= Beginning of Section =

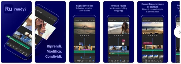 Sarai in grado di condividere i tuoi video nel formato che desideri per i tuoi social media. L’editor Adobe Premiere Rush ti permette di modificare i contenuti dei tuoi video, controllare la velocità, scegliere i colori, usare l’ audio, efetti e la possibilità di giocare con le transizioni, una delle migliori applicazioni.
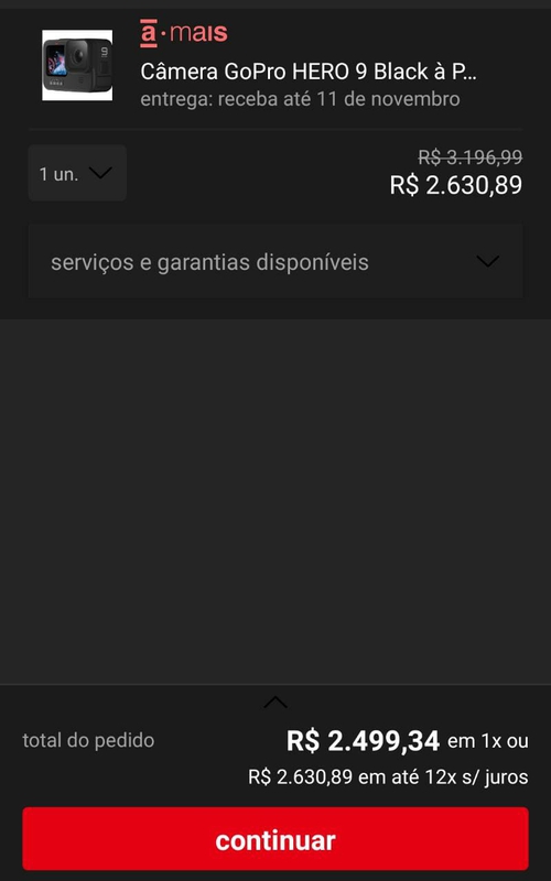 pagando a vista/1x no cartão por R$ 2499 ou em 12x por R$ 2630, preço só no APP
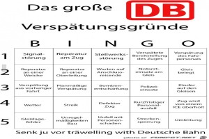 | Verspätungsbingo der deutschen Bahn Bild (211.97 KB) 16Lustiges → witzige Bilder | Lustiges → witzige Bilder | 16.05.23-19:19 | ||
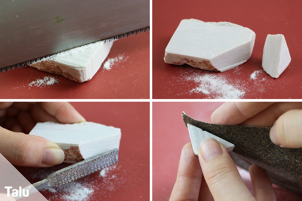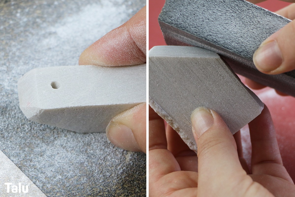 Haben Sie das Raspeln hinter sich gebracht und hat der Stein nun die gewünschte Form, wird die Oberfläche geglättet. Dabei reiben Sie gleichmäßig mit feinem Schleifpapier (K120) oder einem Schleifschwamm über den Stein. So entfernen Sie Kratzer, Risse, Unebenheiten und kleine Löcher, die beim groben Bearbeiten entstanden sind.
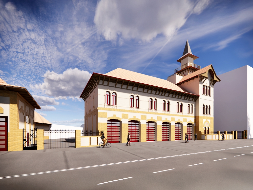 Modernization and energy rehabilitation of the Head of Fire Detachment 2 in Timișoara. The building features a partially accessible basement from the outside. On the ground floor there are the garage, locker rooms and three new volumes: a garage, a guard area and a second-floor storage unit. Access and user-oriented spaces face north. The first floor is dedicated exclusively to fire personnel, housing dormitories and offices, while the second floor is only partially in use, located near the access staircase.
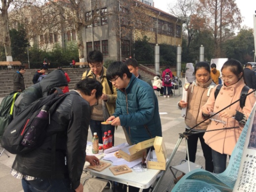 隋唐展台前热闹非凡,同学们朗读朗朗上口的唐诗,现场气氛热烈。工作人员精心准备了素雅的水墨风唐诗卡片,参加游戏的同学随机抽取五张,经短暂记忆后与工作人员相对吟诗。活动中,同学们重温了唐诗三百,体会了汉字的魅力。
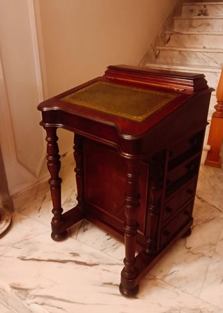 Antiguo escritorio secreter tipo Davenport muy característico del mobiliario inglés. Es una mesa de tamaño reducido, acompañada de diferentes juegos de cajones, 4 laterales y compartimentos para guardar los útiles de escritura y de despacho. En la parte superior tiene un tablero inclinado forrado en un elegante cuero verde. En color caoba, es de madera maciza y de alta calidad. Es muy decorativo y queda fenomenal como mueble auxiliar. En buen estado general, a pesar de los años. Se trata de un objeto muy apreciado hoy en día por interioristas y decoradores por su estética atractiva.
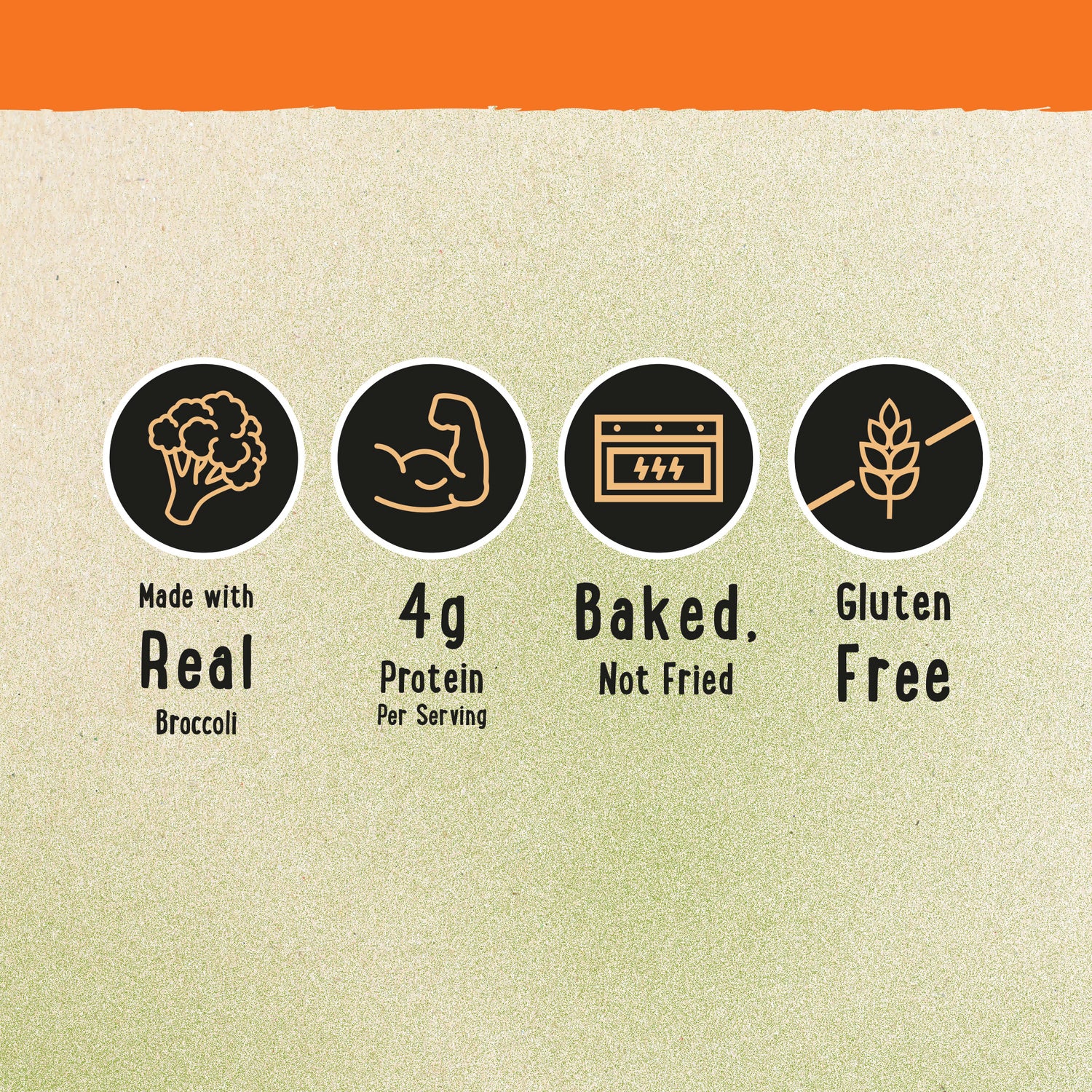 Crunchy puffs made with 4 simple base ingredients: Broccoli, Rice Flour, Chickpea, Pea Protein
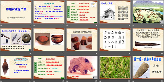 关键词:史前时期教学课件,原始农业的产生教学课件,华师大版七年级上册历史PPT课件下载,七年级历史幻灯片课件下载,史前时期PPT课件下载,原始农业的产生PPT课件下载,.PPT格式;
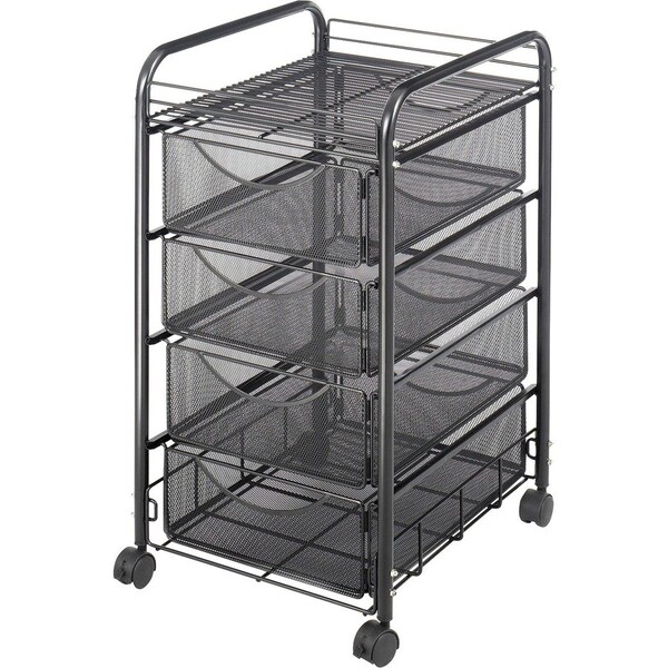 Get Onyx organized with this mesh file cart. Durable, contemporary mesh creates practical organization. Tubular steel frame includes four storage drawers to keep office essentials easily accessible. Drawers accommodate letter-size folders and more. Top shelf is perfect for additional filing supplies. For extra space in your work area, store cart under your desk or worksurface when not needed. Top shelf is perfect for additional filing supplies and more. Durable steel mesh offers a powder-coat finish. Mobile file cart rolls easily on four 1-1/2" swivel casters (two locking).
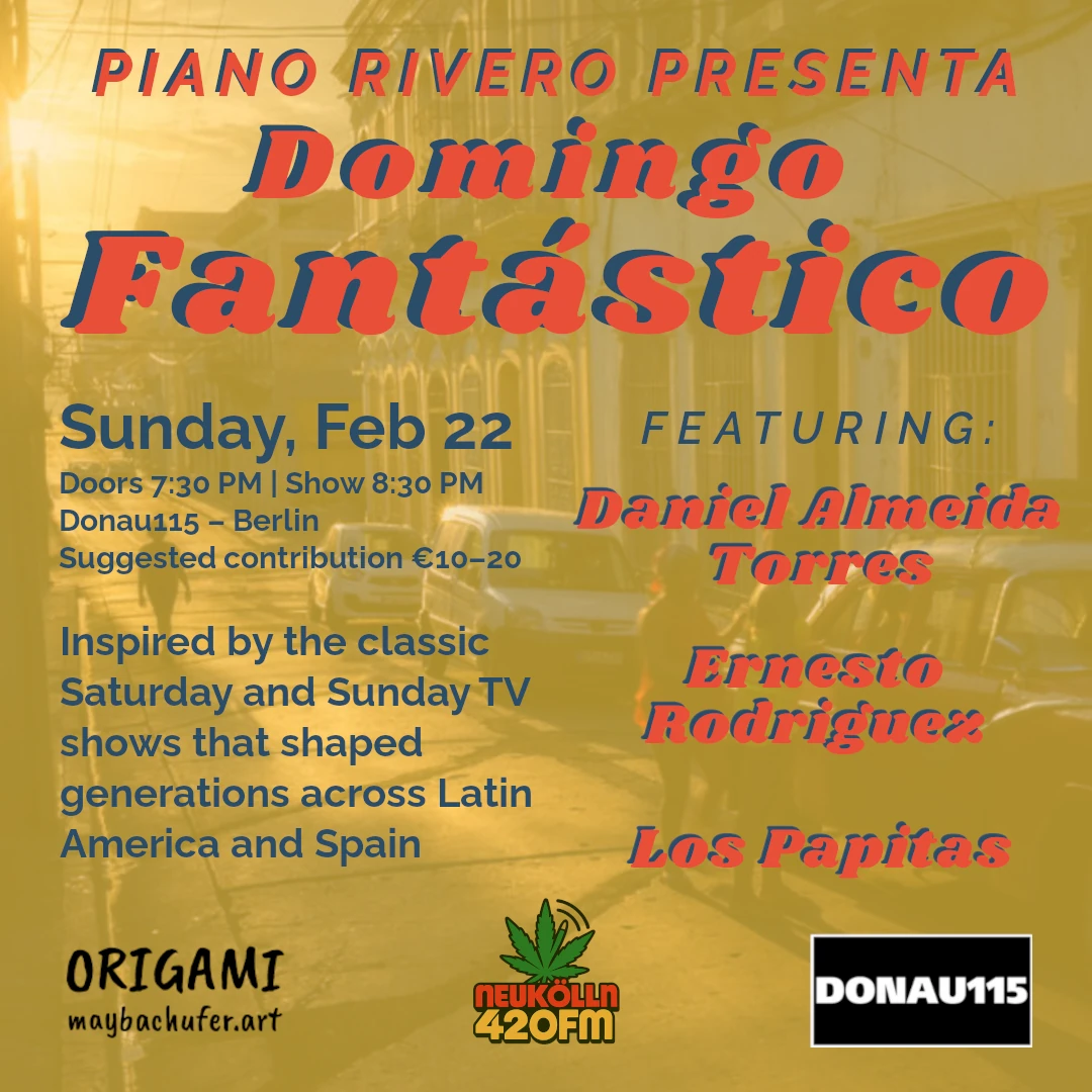 Me complace presentar una nueva edición de Domingo Fantástico, el ciclo de música y variedades que tiene lugar en Donau115. En esta ocasión, la noche estará dedicada a Cuba, celebrando la riqueza musical y cultural de la isla y su profunda influencia en la música latinoamericana y mundial.
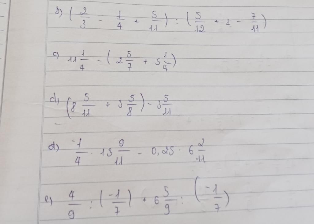 `b, ( 2/3-1/4+5/11):(5/12+1-7/11)`
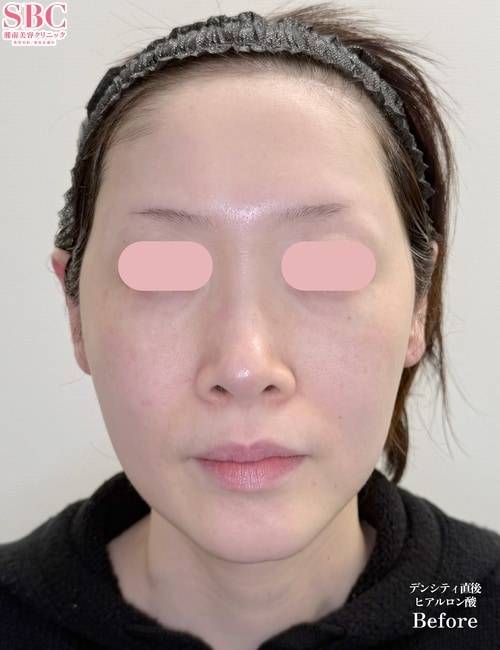 まずデンシティで顔全体の土台を整え、そのうえでヒアルロン酸を骨格に沿って適切に配置することで、ここまでの変化を出すことができます。
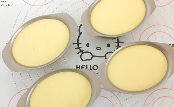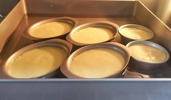 9、把模具放入烤盘中,烤盘加入三分之二的热水,放入预热好的烤箱,上火100度下火150度20分钟左右即可。
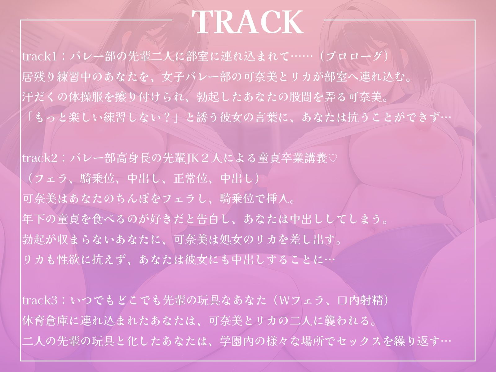 「もっと楽しい練習しない?♡」……居残り練習をしていたバレー部のあなたは、高身長な巨乳先輩、”在川可奈美”と”伊野田リカ”に部室へ連れ込まれる。可奈美は勃起したあなたを誘い、フェラから騎乗位へ。年下の童貞を食べるのが好きだと告白し、あなたはそのまま中出し。しかし勃起は収まらず、可奈美に促され、今度は処女のリカにも中出ししてしまう。この日以降、あなたは二人の先輩のエッチな玩具となるのだった…
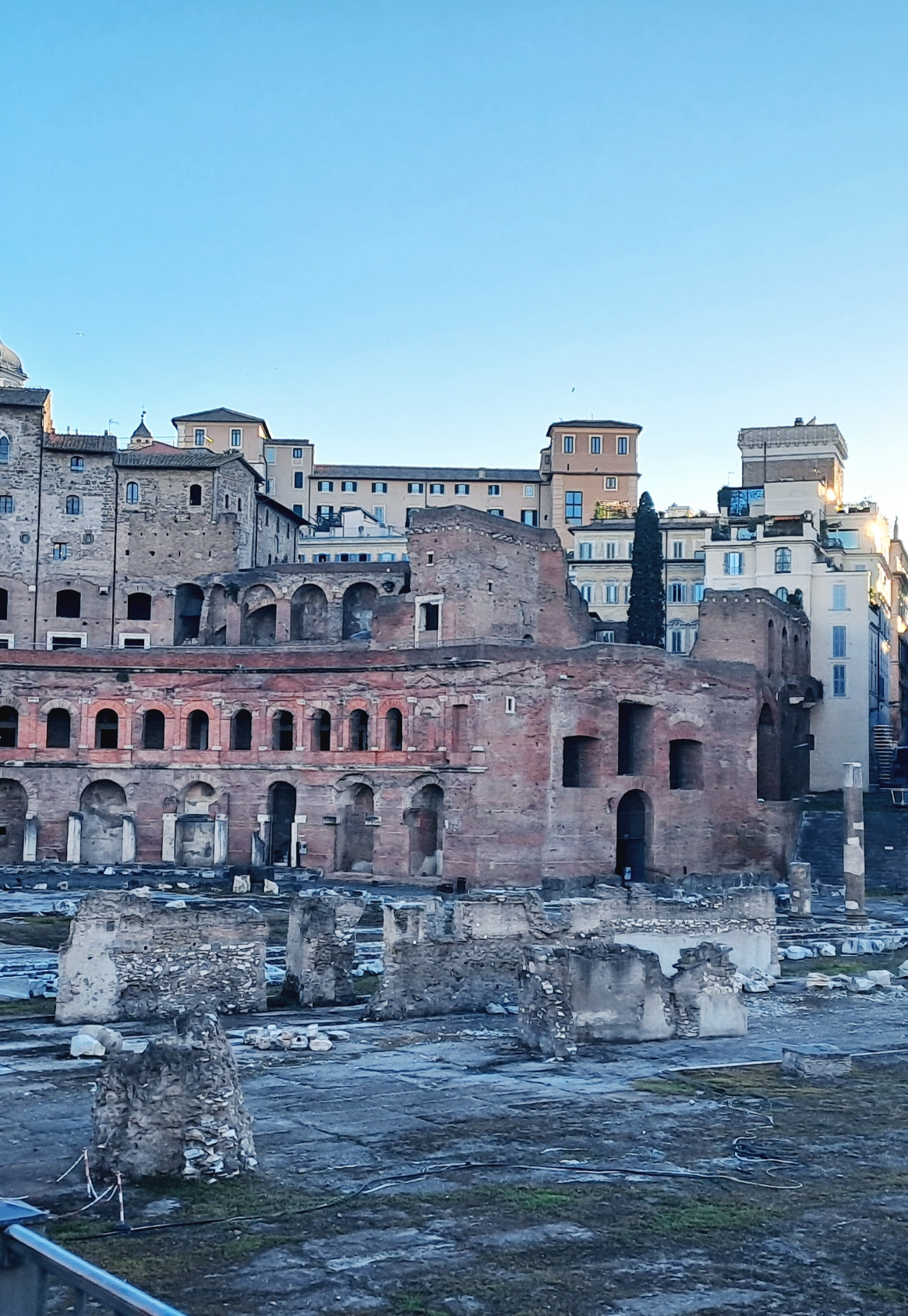 콜로세오를 지나 조금 더 걸어가니 오른편으로 붉은 벽돌 건물들과 아치형 구조물이 층층이 쌓인 모습이 눈에 들어왔다. 처음에는 그저 고대 유적의 흔적 정도로만 보였으나, 이내 이곳이 트라야누스 황제가 세운 거대한 공공 광장, 포로 디 트라야 노(Foro di Traiano)의 일부라는 사실을 떠올리게 되었다.

= End of Section =

• **REQUIRED ACTION**: From the records above, quote word for word only the lines beginning at the line that has "Antiguo escritorio secreter" and stopping after the line that has "关键词:史前时期教学课件,原". Omit the pictures.

• **YOUR SOLUTION**:
 Antiguo escritorio secreter tipo Davenport muy característico del mobiliario inglés. Es una mesa de tamaño reducido, acompañada de diferentes juegos de cajones, 4 laterales y compartimentos para guardar los útiles de escritura y de despacho. En la parte superior tiene un tablero inclinado forrado en un elegante cuero verde. En color caoba, es de madera maciza y de alta calidad. Es muy decorativo y queda fenomenal como mueble auxiliar. En buen estado general, a pesar de los años. Se trata de un objeto muy apreciado hoy en día por interioristas y decoradores por su estética atractiva.
 Crunchy puffs made with 4 simple base ingredients: Broccoli, Rice Flour, Chickpea, Pea Protein
 关键词:史前时期教学课件,原始农业的产生教学课件,华师大版七年级上册历史PPT课件下载,七年级历史幻灯片课件下载,史前时期PPT课件下载,原始农业的产生PPT课件下载,.PPT格式;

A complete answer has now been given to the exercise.